4.1    Verweerster betwist dat zij tuchtrechtelijk verwijtbaar jegens klager heeft gehandeld en voert daartoe onder meer het volgende verweer.

Ad klachtonderdeel a)

4.2    Op 1 november 2017 heeft haar cliënte haar op de hoogte gesteld van de stand van zaken in de appelprocedures tegen klager, maar heeft toen niet verteld dat in die procedures al uitspraak was gevraagd. Op het moment van verzending van het faxbericht op 2 november 2017 aan het gerechtshof was het roljournaal voor verweerster nog niet toegankelijk, mr.

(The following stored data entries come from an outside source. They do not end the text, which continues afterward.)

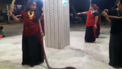 12 വയസ്സുകാരി ഉൾപ്പടെ മൂന്ന് പേർക്കെതിരെയാണ് നടപടിയെടുത്തത്. പരമ്പരാഗത നൃത്തരൂപമായ ഗാര്ബയാണ് അഞ്ചുപേരടങ്ങുന്നം സംഘം അവതരിപ്പിച്ചത്. ഇവരില് മൂന്ന് പേര് മൂര്ഖന് പാമ്പുകളുമായാണ് നൃത്തം അവതരിപ്പിച്ചത്. ഒരു കൈയില് പാമ്പിന്റെ വാല് പിടിച്ച്, മറ്റേ കൈയില് വാള് ഉയര്ത്തിയായിരുന്നു ഒരു സ്ത്രീ നൃത്തം ചെയ്തത്. പാമ്പ് പിടയുന്നതും രക്ഷപ്പെടാന് ശ്രമിക്കുന്നതും വീഡിയോയില് കാണാം.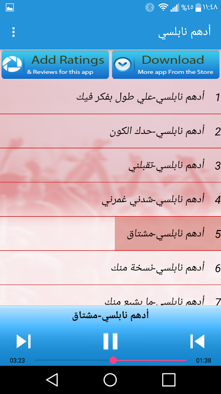 يتوفر هذا التطبيق على جميع اغاني أدهم نابلسي و يخول لكم الاستماع إلى أفضل أغاني الفنان العملاق أدهم نابلسي بدون انترنت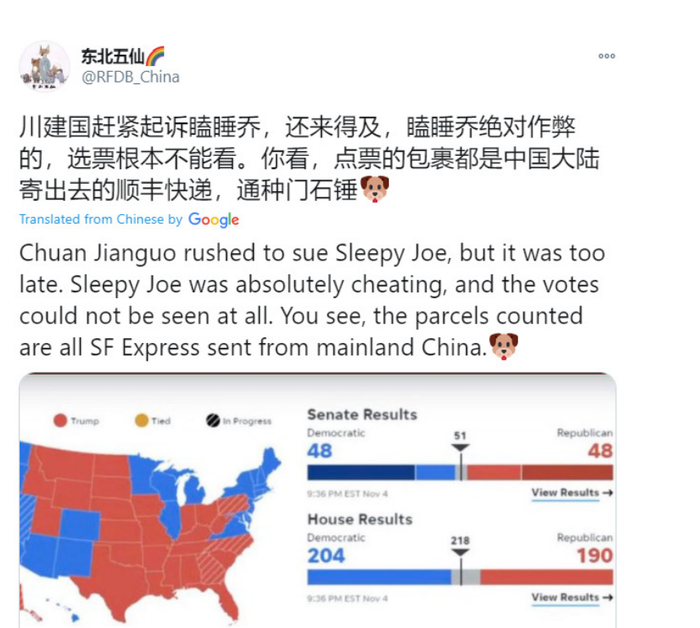 同样的,在去年11月美国总统大选后,拒绝承认败选的特朗普一方为推翻选举结果曾编造了诸如“支持特朗普的选票被烧毁”这样的谣言,这些谣言也同样被法X功及其网站媒体所进一步扩散和转发。可在卡迪夫大学犯罪与安全研究所这份报告的第二部分中,这些账号却也被说成了是“与中国有关联的网络水军机器人”。

A had zich nog niet formeel als advocaat onttrokken, zodat verweerster ook daaruit niet kon weten dat de drie zaken voor uitspraak stonden. Omdat verweerster ernstig bezorgd was of de belangen van haar cliënte in hoger beroep wel voldoende waren behartigd door haar vorige advocaat, heeft zij meteen de dag erna het gerechtshof aangeschreven en verzocht om in de gegeven omstandigheden alsnog in de gelegenheid te worden gesteld om aanvullende stukken in te dienen namens haar cliënte. Naar aanleiding van de e-mail van 3 november 2017 van mr. W heeft verweerster haar verontschuldigingen gemaakt, de situatie uitgelegd en op 8 november 2017 het gerechtshof verzocht om haar faxbericht van 2 november 2017 buiten beschouwing te laten. Volgens verweerster heeft zij hierbij niet opzettelijk gehandeld, heeft haar handelen geen invloed op de procedure tussen partijen gehad en heeft zij haar vergissing rechtgezet, zodat daarom van tuchtrechtelijk laakbaar handelen geen sprake is geweest.

Ad klachtonderdeel b)

4.3    Verweerster mocht afgaan op de door haar cliënte verstrekte informatie en heeft op basis daarvan in het belang van haar cliënte gehandeld. Zij mocht dan ook het gerechtshof op 2 november 2017 aanschrijven zoals zij dat heeft gedaan en heeft daarbij niet de belangen van klager onnodig of onevenredig geschaad zonder dat daarmee een redelijk doel was gediend, aldus verweerster.

Ad klachtonderdeel c)

4.4    Volgens verweerster heeft klager geen eigen belang bij dit klachtonderdeel omdat het een aangelegenheid tussen haar en haar cliënte betreft waarover verweerder niet kan klagen.

Ad klachtonderdeel d)

4.5    Verweerster betwist dat het voor de advocaat van klager onduidelijk en verwarrend kan zijn geweest dat zij vanaf november 2017 de belangen van de ex-echtgenote in de appelprocedures jegens klager is gaan behandelen. In haar faxbericht van 2 november 2017 aan het gerechtshof, tevens in kopie aan mr. W als advocaat van klager gestuurd,  mr. W, heeft zij dat voldoende duidelijk gemaakt.

5    BEOORDELING

5.1    De raad stelt het volgende voorop. Naar vaste jurisprudentie van het Hof van Discipline dient de tuchtrechter bij de beoordeling van een tegen een advocaat ingediende klacht het aan de advocaat verweten handelen of nalaten te toetsen aan de in artikel 46 Advocatenwet omschreven normen. Bij deze toetsing is de tuchtrechter niet gebonden aan de gedragsregels, maar die regels kunnen, gezien het open karakter van de wettelijke norm, daarbij, ter invulling van deze norm, wel van belang zijn. Of sprake is van tuchtrechtelijk verwijtbaar handelen, hangt af van de feitelijke omstandigheden en wordt door de tuchtrechter per geval beoordeeld.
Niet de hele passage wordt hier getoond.